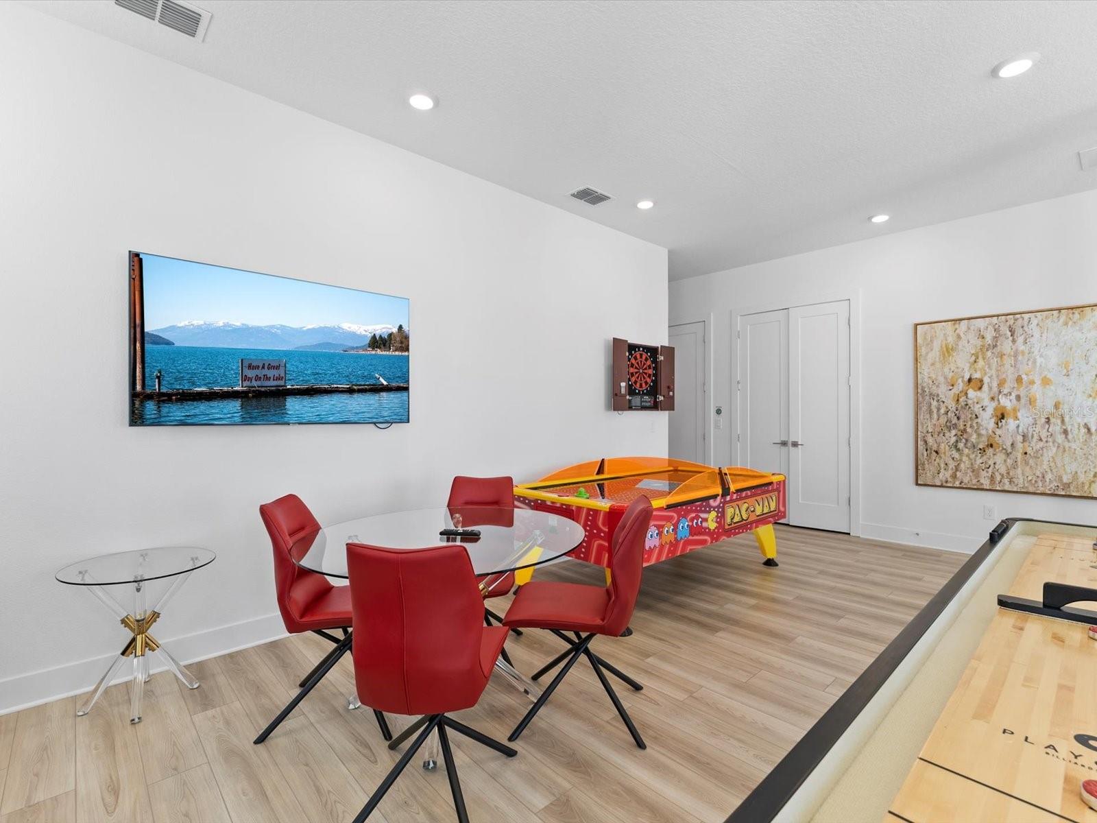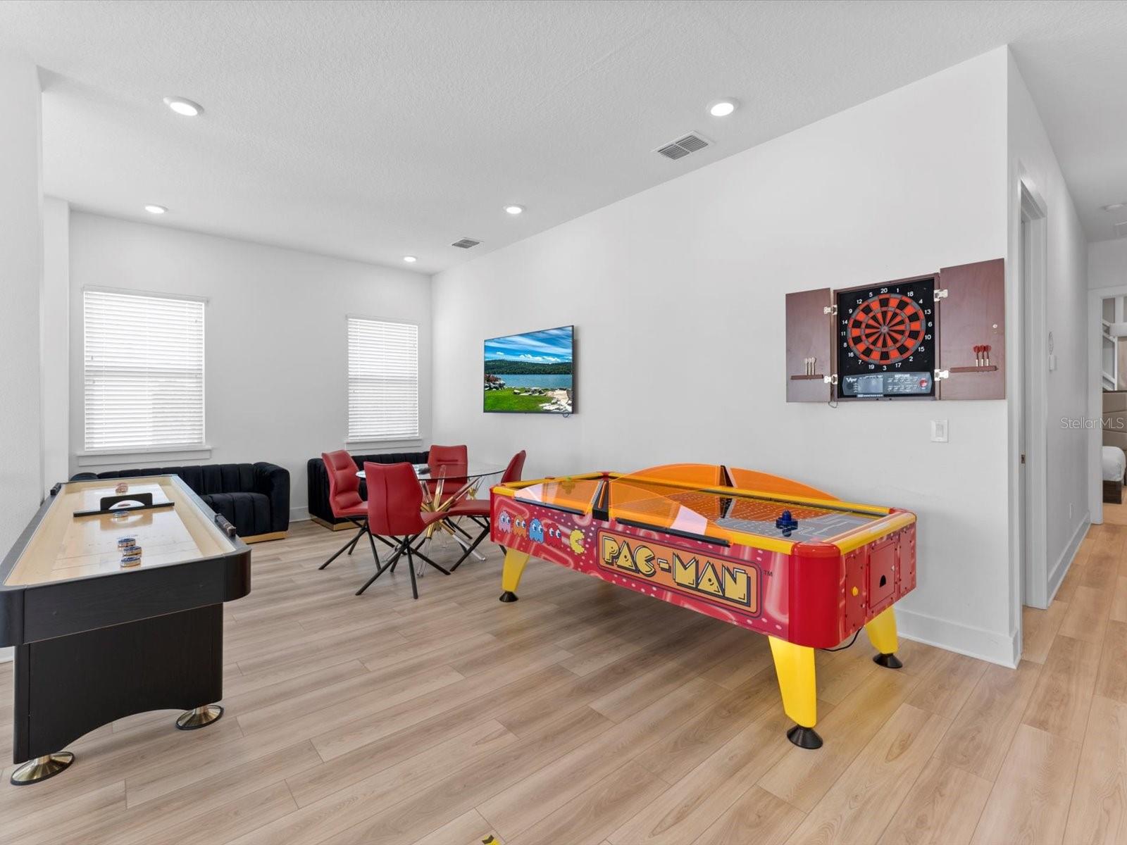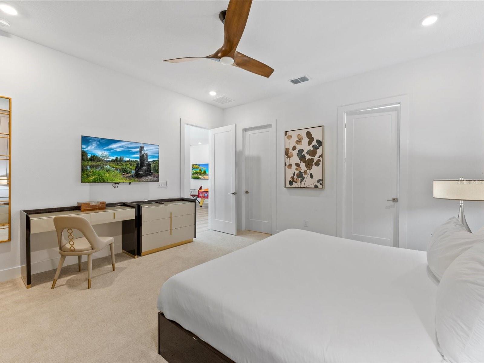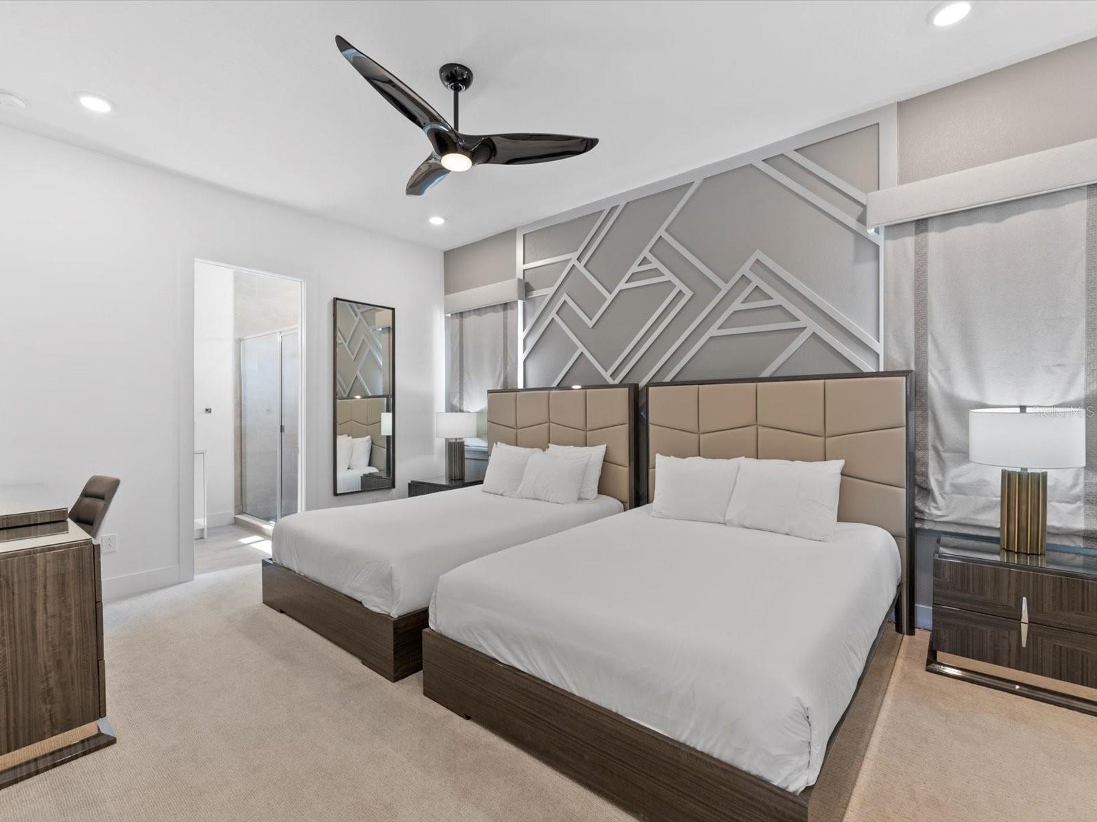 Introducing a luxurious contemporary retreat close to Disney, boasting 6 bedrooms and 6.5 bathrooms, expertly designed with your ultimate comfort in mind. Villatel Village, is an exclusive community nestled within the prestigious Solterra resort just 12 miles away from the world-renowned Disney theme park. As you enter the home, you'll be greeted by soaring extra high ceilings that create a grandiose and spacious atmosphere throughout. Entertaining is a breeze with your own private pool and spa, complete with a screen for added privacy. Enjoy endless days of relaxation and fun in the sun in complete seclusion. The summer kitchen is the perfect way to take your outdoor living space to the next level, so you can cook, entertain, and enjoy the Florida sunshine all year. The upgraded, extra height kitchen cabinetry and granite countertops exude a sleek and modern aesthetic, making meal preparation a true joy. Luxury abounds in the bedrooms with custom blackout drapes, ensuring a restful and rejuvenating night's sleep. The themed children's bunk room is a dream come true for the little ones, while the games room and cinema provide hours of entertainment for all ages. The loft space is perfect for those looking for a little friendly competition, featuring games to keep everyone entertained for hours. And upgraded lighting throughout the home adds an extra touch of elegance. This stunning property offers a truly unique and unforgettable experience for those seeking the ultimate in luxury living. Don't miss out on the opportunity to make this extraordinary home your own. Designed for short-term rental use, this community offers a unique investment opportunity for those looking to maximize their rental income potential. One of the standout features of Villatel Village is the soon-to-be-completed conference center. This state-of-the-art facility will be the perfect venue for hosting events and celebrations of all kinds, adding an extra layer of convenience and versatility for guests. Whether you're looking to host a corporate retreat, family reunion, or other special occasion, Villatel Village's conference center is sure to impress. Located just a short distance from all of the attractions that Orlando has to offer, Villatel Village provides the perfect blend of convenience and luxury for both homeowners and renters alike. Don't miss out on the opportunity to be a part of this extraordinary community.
####
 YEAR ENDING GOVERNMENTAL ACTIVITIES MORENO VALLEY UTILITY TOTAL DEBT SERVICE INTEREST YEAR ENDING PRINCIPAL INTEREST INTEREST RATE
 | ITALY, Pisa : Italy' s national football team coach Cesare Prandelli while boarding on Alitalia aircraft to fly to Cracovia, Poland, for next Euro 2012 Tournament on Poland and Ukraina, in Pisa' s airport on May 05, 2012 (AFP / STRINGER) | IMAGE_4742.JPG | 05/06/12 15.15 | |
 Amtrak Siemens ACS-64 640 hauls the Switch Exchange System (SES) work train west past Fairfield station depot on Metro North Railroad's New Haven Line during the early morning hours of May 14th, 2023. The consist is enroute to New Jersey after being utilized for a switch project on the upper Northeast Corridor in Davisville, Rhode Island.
####
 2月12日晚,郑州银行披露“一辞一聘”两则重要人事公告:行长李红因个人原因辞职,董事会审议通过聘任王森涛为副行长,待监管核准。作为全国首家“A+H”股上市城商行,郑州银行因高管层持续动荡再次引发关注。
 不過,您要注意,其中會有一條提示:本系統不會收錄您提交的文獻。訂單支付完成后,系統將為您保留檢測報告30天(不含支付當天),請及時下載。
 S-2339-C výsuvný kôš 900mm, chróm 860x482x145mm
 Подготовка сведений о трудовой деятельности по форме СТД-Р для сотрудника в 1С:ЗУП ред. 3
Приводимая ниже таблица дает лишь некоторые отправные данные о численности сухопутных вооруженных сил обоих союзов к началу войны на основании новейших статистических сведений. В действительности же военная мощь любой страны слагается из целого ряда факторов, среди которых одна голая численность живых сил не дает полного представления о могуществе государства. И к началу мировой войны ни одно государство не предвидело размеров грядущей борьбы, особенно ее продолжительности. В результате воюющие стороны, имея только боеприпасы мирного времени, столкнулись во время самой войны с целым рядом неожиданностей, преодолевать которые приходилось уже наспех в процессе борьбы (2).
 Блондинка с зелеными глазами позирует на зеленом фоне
####
Task item: Look for the string "сведений" in the listing above and copy every line holding it.

Reply:
 Подготовка сведений о трудовой деятельности по форме СТД-Р для сотрудника в 1С:ЗУП ред. 3
Приводимая ниже таблица дает лишь некоторые отправные данные о численности сухопутных вооруженных сил обоих союзов к началу войны на основании новейших статистических сведений. В действительности же военная мощь любой страны слагается из целого ряда факторов, среди которых одна голая численность живых сил не дает полного представления о могуществе государства. И к началу мировой войны ни одно государство не предвидело размеров грядущей борьбы, особенно ее продолжительности. В результате воюющие стороны, имея только боеприпасы мирного времени, столкнулись во время самой войны с целым рядом неожиданностей, преодолевать которые приходилось уже наспех в процессе борьбы (2).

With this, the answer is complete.